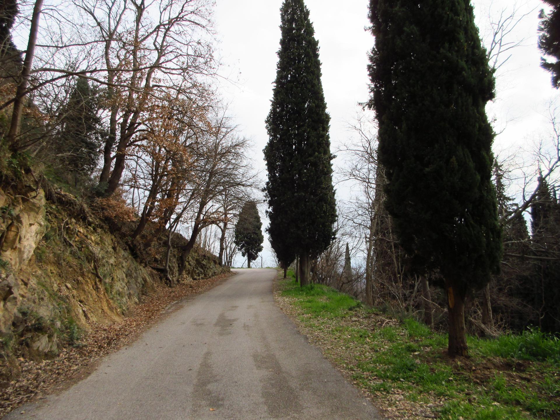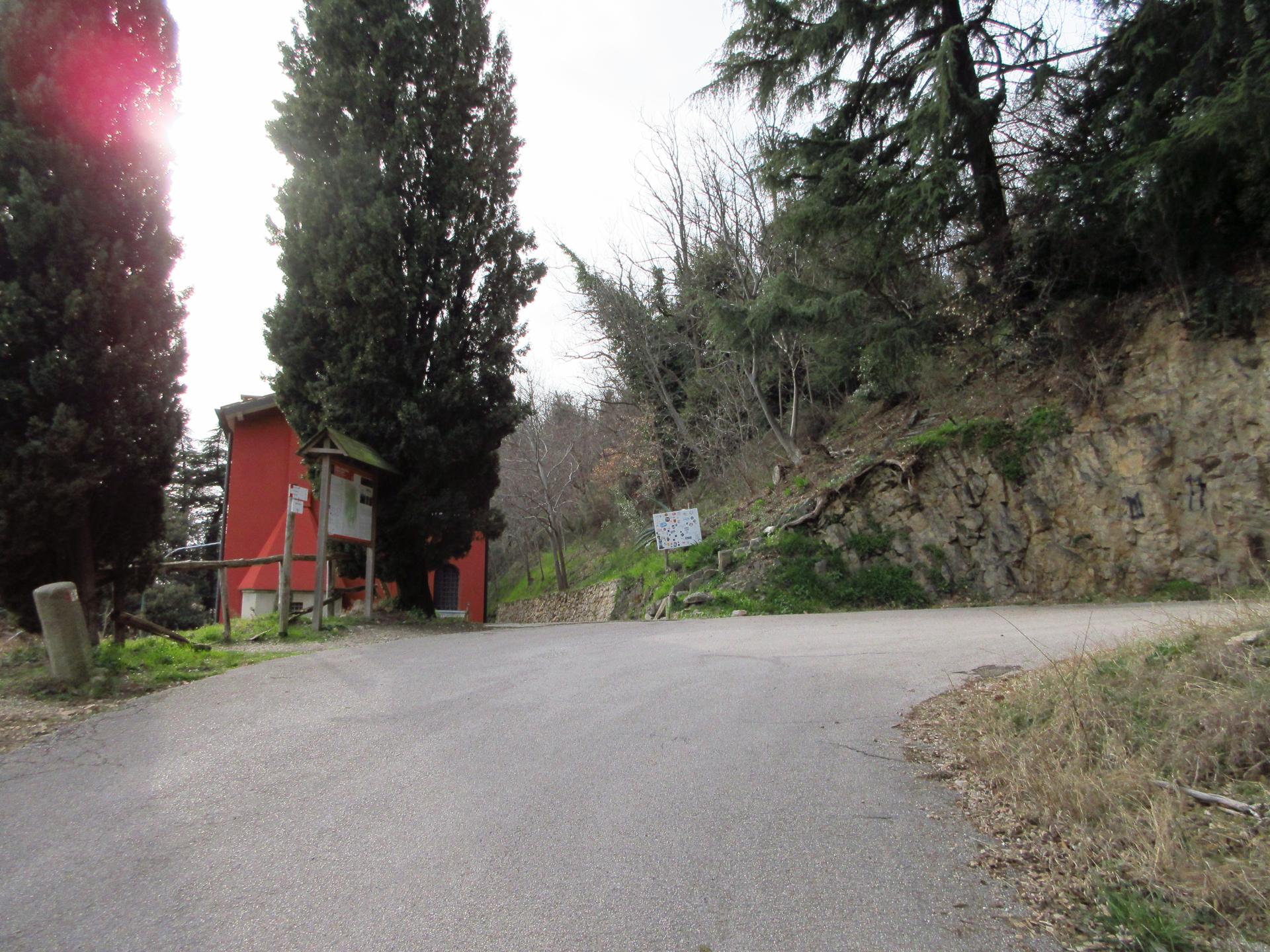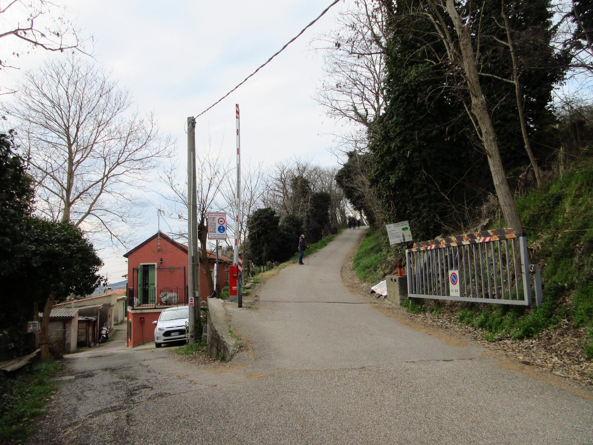 La strada porta all'eremo di Santa Domenica ed è chiusa al traffico dopo circa 400 metri.
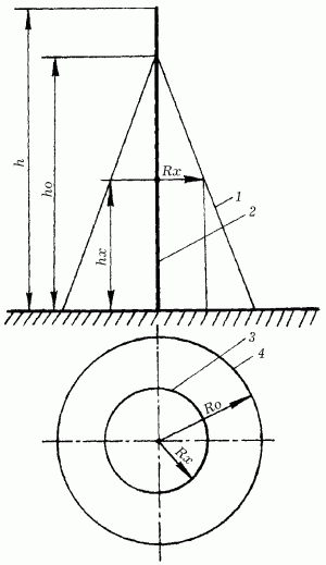 Рис. 82. Зона защиты одиночного стержневого молниеотвода: 1 – граница зоны защиты молниеотвода; 2 – молниеотвод; 3 – зона защиты на уровне высоты hx защищаемого объекта; 4 – граница зоны защиты на уровне земли.
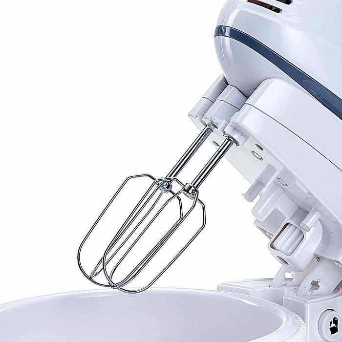 Миксер электрический с чашей предназначен для смешивания жидких и сыпучих продуктов, приготовления соусов и десертов (взбитых сливок, пудингов, коктейлей, майонеза) с помощью венчиков, а также для замешивания теста различной консистенции насадками для замешивания в бытовых и аналогичных условиях.
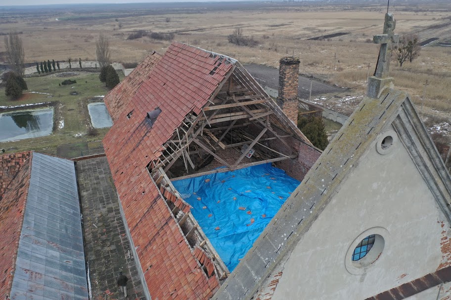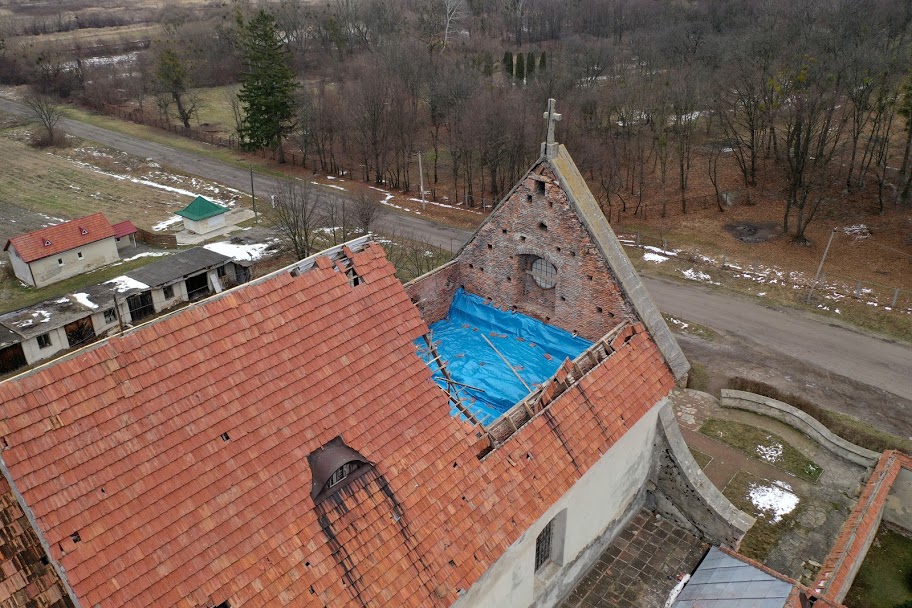 Крышу монастыря накрыли пленкой, чтобы избежать протеканий. Помощник генерального директора галереи искусств имени Возницкого Игорь Зинкевич сообщил, что аварийную часть крыши накроют временной конструкцией.
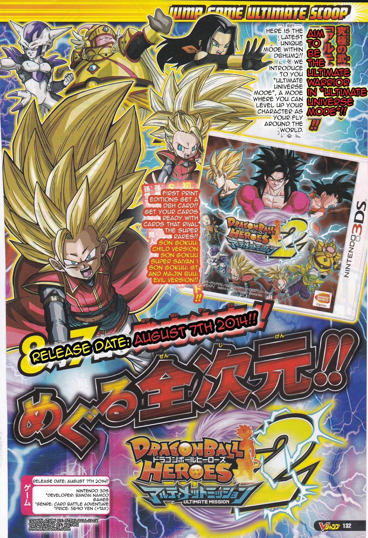 The latest issue of V-Jump confirms that Dragon Ball Heroes: Ultimate Mission 2 will be hitting Japan on August 7. Additionally, the magazine reveals the inclusion of a new “Ultimate Universe Mode”, though details are unavailable at this time.
=-=-=-=-=
• _ABOUT THIS TASK_: Quote the full listing above word for word; exclude every picture from the copy.

• _SOLUTION FOR THIS PROBLEM_:
 La strada porta all'eremo di Santa Domenica ed è chiusa al traffico dopo circa 400 metri.
 Рис. 82. Зона защиты одиночного стержневого молниеотвода: 1 – граница зоны защиты молниеотвода; 2 – молниеотвод; 3 – зона защиты на уровне высоты hx защищаемого объекта; 4 – граница зоны защиты на уровне земли.
 Миксер электрический с чашей предназначен для смешивания жидких и сыпучих продуктов, приготовления соусов и десертов (взбитых сливок, пудингов, коктейлей, майонеза) с помощью венчиков, а также для замешивания теста различной консистенции насадками для замешивания в бытовых и аналогичных условиях.
 Крышу монастыря накрыли пленкой, чтобы избежать протеканий. Помощник генерального директора галереи искусств имени Возницкого Игорь Зинкевич сообщил, что аварийную часть крыши накроют временной конструкцией.
 The latest issue of V-Jump confirms that Dragon Ball Heroes: Ultimate Mission 2 will be hitting Japan on August 7. Additionally, the magazine reveals the inclusion of a new “Ultimate Universe Mode”, though details are unavailable at this time.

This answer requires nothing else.